Bro. McGarvey, in writing of him, says: "His discourses were methodically arranged, his argument convincing, his style transparent, and he left a line of light behind him as he advanced with his subject. His manner was bold and confident, without being defiant, and his action was full of grace and dignity. His voice was melodious and his person commanding. His exhortations, never boisterous, were full of tenderness, and they deeply impressed upon the heart the lessons set forth in the discourse. As a man, he was generous, kind-hearted and the soul of honor. His superiority, as, I think, in the case with which he comprehended a subject, and the facility with which he could distribute and arrange. In these particulars he had no equal among his fellow-laborers."
Bro. Z. F. Smith writes of him thus: "By nature he was remarkably endowed. His brain, while not massive, was finely organized and supported by one of the most perfect physiques I have ever known. He was an orator by nature, not so much in the ostentation of rhetoric and the art of elocution, but in the natural simplicity and grandeur of logic and illustration, and in the pathos and sentiment of glowing words that touched the reason and the heart at the same time."

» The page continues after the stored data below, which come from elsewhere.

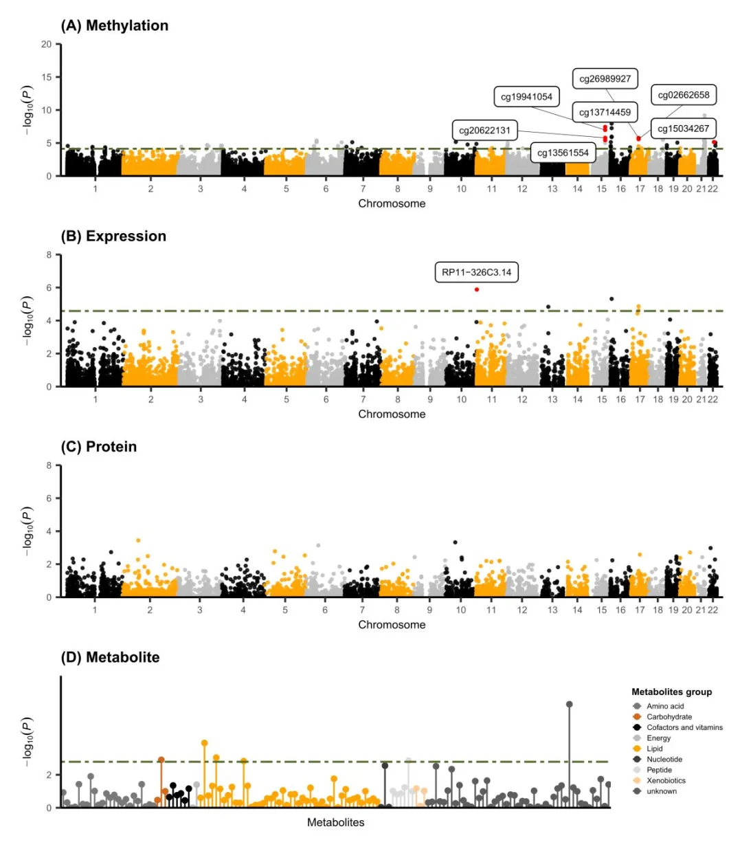 研究结合涵盖 DNA 甲基化、基因表达、蛋白质和代谢物的联盟级汇总水平分子数量性状位点数据;基于筛选出的生物标志物,构建了分子修饰评分,用以解析基因 - 吸烟的交互作用模式,并对肺癌高风险吸烟人群进行风险分层。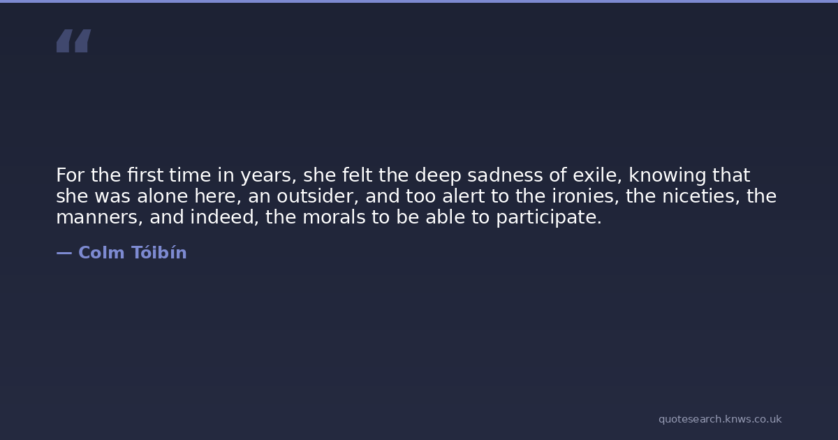 For the first time in years, she felt the deep sadness of exile, knowing that she was alone here, an outsider, and too alert to the ironies, the niceties, the manners, and indeed, the morals to be able to participate.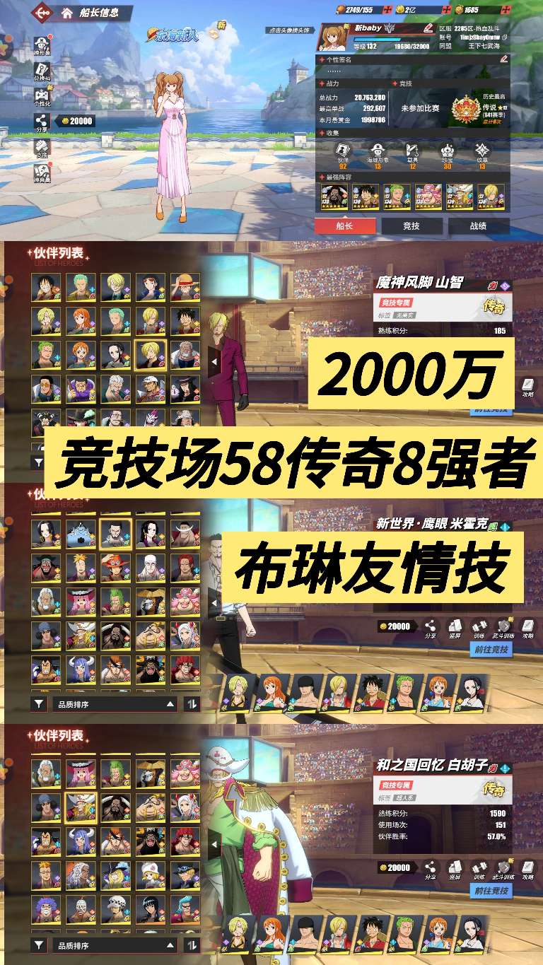 竞技场39传奇6强者卡二,新鹰眼,青年雷利,蛇人,四档,明哥等官服苹果安卓都可以玩,拍下秒换绑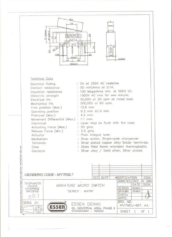 Essen 2a 18mm lever Microswitch

Bro. I. B. Grubbs says of him: "If I am asked what I regard as the special feature in which the ministerial excellence of Dr. Hopson was manifested, my answer would be, in his matchless power of expression, the varying charms and well-sustained force of his diction, combined with the wonderful clearness with which he stated his positions and set forth his reasons to support them."
G. A. Hoffman writes of him: "There are few men who impart such a high conception of true manhood. He was, first of all, a true man, and manifested the highest and most Christlike ideal I have seen among men. True to his friends, true to his church, true to his conscience and true to his God."
He first married Miss Rebecca Parsons, daughter of James Parsons. She lived only a short time. His second wife was Miss Caroline Grey, who after a brief married life left him with a babe five months old, now Mrs. R. Lin Cave, of Georgia. In the year 1850 he married Miss Ella Lord Chappel, who survives him. He was a devoted son, an ideal husband and affectionate father and kind master.
His life work embraced a period of 47 years, in five states, with only nine ministries. I find a record of 5,000 additions, but there were many more not recorded. Thirty-eight years of the time I was his constant companion.